The required kernel version for the features you plan to use: To upgrade the kernel version, see Upgrade the version of a cluster.
V1.5.0 or later: index compression only
V1.6.0 or later: both index compression and source_reuse_doc_values
The aliyun-codec plug-in installed on your cluster. The plug-in is installed by default on Elasticsearch V7.10.0 clusters. To verify or install it, go to the Plug-ins page in the Elasticsearch console. See Install and remove a built-in plug-in.
Limitations
Index compression requires Elasticsearch V7.10.0 with kernel V1.5.0 or later. For Elasticsearch V6.7.0 clusters, use the codec-compression plug-in instead. See Use the codec-compression plug-in of the beta version.

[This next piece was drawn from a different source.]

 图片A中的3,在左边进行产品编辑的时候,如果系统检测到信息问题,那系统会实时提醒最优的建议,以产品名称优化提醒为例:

source_reuse_doc_values requires kernel V1.6.0 or later. On clusters that meet this requirement, index compression is enabled by default in aliyun_default_index_template (
index.codecis set totrue).source_reuse_doc_values can only be enabled at index creation time and cannot be disabled after it is enabled.
Enable index compression
The following steps use an Elasticsearch V7.10.0 cluster. Steps may differ for other versions.
Log on to the Kibana console of your cluster. See Log on to the Kibana console.

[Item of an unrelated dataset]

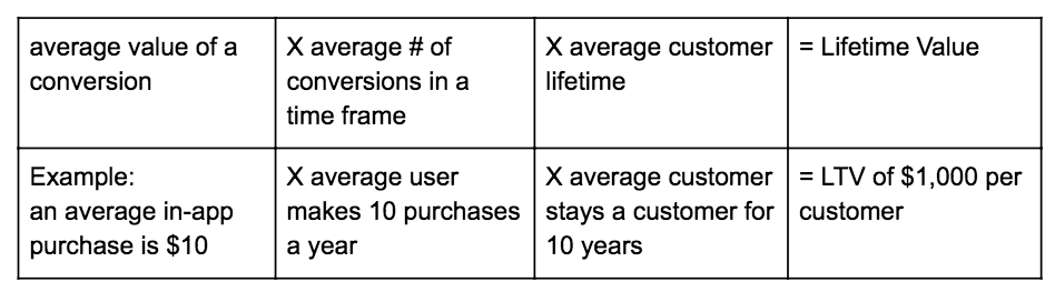 Lifetime value (LTV) is targeted at calculating how much value to expect from an average customer during the time they are customers of your app. This can be revenue or profit and can be before marketing costs are applied or after. It’s important to determine that in advance so the calculations are consistent.

In the upper-right corner, click Dev tools.
On the Console tab, run a command to enable index compression on your index. The following command enables compression on an existing index named
test. By default, the plug-in applies the zstd algorithm to all three storage layers.Set a parameter to
""to disable compression for that storage layer.PUT test/_settings { "index.codec": "ali" }To use different algorithms for specific storage layers, specify them individually. The following example uses zstd for
_sourceanddoc_values, and leaves postings uncompressed.PUT test/_settings { "index.codec": "ali", "index.doc_value.compression.default": "zstd", "index.postings.compression": "", "index.source.compression": "zstd" }
Index compression parameters
| Parameter | Values | Description |
|---|---|---|
index.codec | "ali" | Enables the aliyun-codec plug-in for the index. |
index.doc_value.compression.default | lz4, zstd | Compression algorithm for doc_values (column-oriented data). Applies only to fields of the number, date, keyword, and ip types. |
index.postings.compression | zstd, "" | Compression algorithm for postings (inverted data). Set to "" to disable. |
index.source.compression | zstd, zstd_1024, zstd_dict, best_compression, default | Compression algorithm for _source (row-oriented data). See the table below. |
index.postings.pfor.enabled | true, false | Optimizes encoding for postings. Reduces storage by 14.4% for keyword, match_only_text, and text fields; reduces overall disk size by 3.5%. Backported from open source Elasticsearch 8.0. Alibaba Elasticsearch clusters of earlier versions also provide this feature. |
`index.source.compression` options:
| Value | Block size | Notes |
|---|---|---|
zstd | 128 KB | Standard zstd compression. |
zstd_1024 | 1,024 KB | zstd with a larger block size. |
zstd_dict | — | zstd with dictionary-based compression. Higher compression ratio, but lower read and write performance than zstd. |
best_compression | — | The best_compression codec from open source Elasticsearch. |
default | — | The default codec from open source Elasticsearch. |
Enable source_reuse_doc_values
Open source Elasticsearch stores multiple copies of field data: in _source, postings, and doc_values. source_reuse_doc_values reduces index size by pruning the JSON data stored in _source — for applicable fields, Elasticsearch reconstructs source data from doc_values at read time instead of maintaining a duplicate copy.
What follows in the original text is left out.